# What to wear for panel?



## someday (Sep 11, 2008)

Ok you might think this is a bit shallow or silly but I'm wondering what those of you that have been to panel have worn. We are going to panel in just over three weeks. I was thinking of a dress with leggings and boots. Casual but smart. DH says he will wear trousers, shirt and tie which I actually think is a bit OTT.


----------



## KG81 (Oct 21, 2009)

Hi
Hubby had trouser with a shirt, no tie, and I can't remember what I was wearing! Dress with leggings and boots is good x


----------



## Anjelissa (Jan 11, 2007)

Hi someday,

It's not silly or shallow at all, it's a very important event   

What you suggested sounds great, smart but not too stuffy.
I went for a similar look and my DH did wear a suit I think. At the end of the day I suppose it's better for them to think you are a bit overdressed than them thinking you've not made an effort at all. I think it reflects that it means a lot to you and that you take the occasion seriously.

If your DH feels more confident wearing a shirt and tie then that's the main thing, most people are really nervous about panel (I know we were!) so any little confidence booster will be a good thing.  

Lots of luck for your panel.

Anj x


----------



## AoC (Oct 28, 2008)

We were pretty smart (well, smart for us anyway!  You should see me now.... *g*).  Dh wore smart trousers and shirt, no tie, and shiny shiny smart shoes.    I wore one of my smarter skirts with a blouse and tailored cardi.
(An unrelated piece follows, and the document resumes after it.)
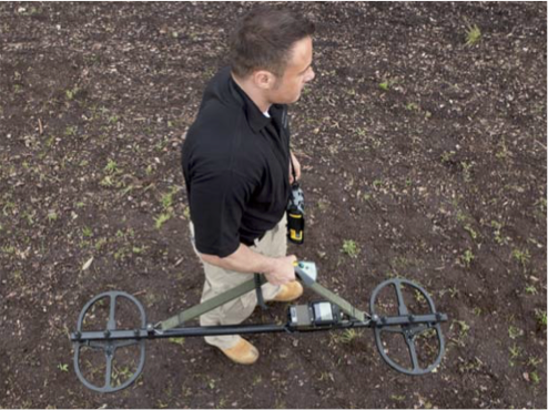 New metal detector designed upon the latest EBINGER Transmitter Receiver Exploration-technique. The loca- tor detects ferrous and non-ferrous metal. It differenti- ates between surface bound scrap metal and deep buried metal objects of substantial size. Small frag- ments are generally suppressed from indication, even when close to the sensor. The locator shows detection results by audio signal and by a galvanometer with positive and negative range. In digital surveys the cha- racter of the detected signatures is processed by the EPAS® software and will be converted into a colour coded map. These features and the high resolution bet- ween fragments and large munitions save time and expense for the removal of scrap metal in high metal impact areas.

As we got nearer the event, we found that we wanted to dress up, to mark it as an important day for US, rather than to make any impression or anything.  We smartened up for ourselves, but I think it's what you feel most comfortable in, in that setting.  There's no dress code, and I think neat jeans and top would be just as good.

What you're suggesting sounds great, and it's not a silly thing to worry about.    GOOD LUCK!!!


----------



## bambinolove (Jan 4, 2010)

We both went reasonably smart, I had slacks and and a nice top on and DH wore chinos and a shirt, no tie. I went with the theory that if I feel I look smart I will feel more confident. We were told we could wear jeans but I wouldn't have felt so confident like that.


----------



## Duckling (Oct 5, 2009)

Hi Someday
I had to reply    - for Approval and Matching panels and for our Celebration Day at court I fretted over what to wear! If you are shallow then I definitely am!   But as others have said it can give you confidence when you are so nervous. Anyway it's a really important day. For panel I wore a skirt and wedges (I am a trousers and flats person) and dh wore a shirt and tie. I think smart casual is the best way to go, then you feel more confident, like you've made an effort but not over the top. Your ideas sound great. 
Lots of luck for panel
Duckling xx


----------



## someday (Sep 11, 2008)

Thanks ladies for reassuring that I'm not being shallow. I do want to be confident and what I wear will make me feel like that. I guess I sort of felt that I shouldn't be worried about what I wear rather what I say. Our SW said casual but really wasn't very specific as to what she thought that was. I guess with dh I didn't want him looking like an idiot in his shirt and tie but as with me if he feels confident wearing that then thats fine.xxx


----------



## Anjelissa (Jan 11, 2007)

Hi again someday,

Just to add to my last message, like Duckling not only was there the 'panel clothing dilemma'  but I was also fretting as to what to wear for Celebration Day at Court.
For this occasion I decided to be really smart and wear a fitted skirt suit (I very rarely wear skirts) and smart shoes, and DH wore a suit and tie. 
I just figured I didn't care if they thought us overdressed, it was one of the most important days of our lives and we wanted to dress the part.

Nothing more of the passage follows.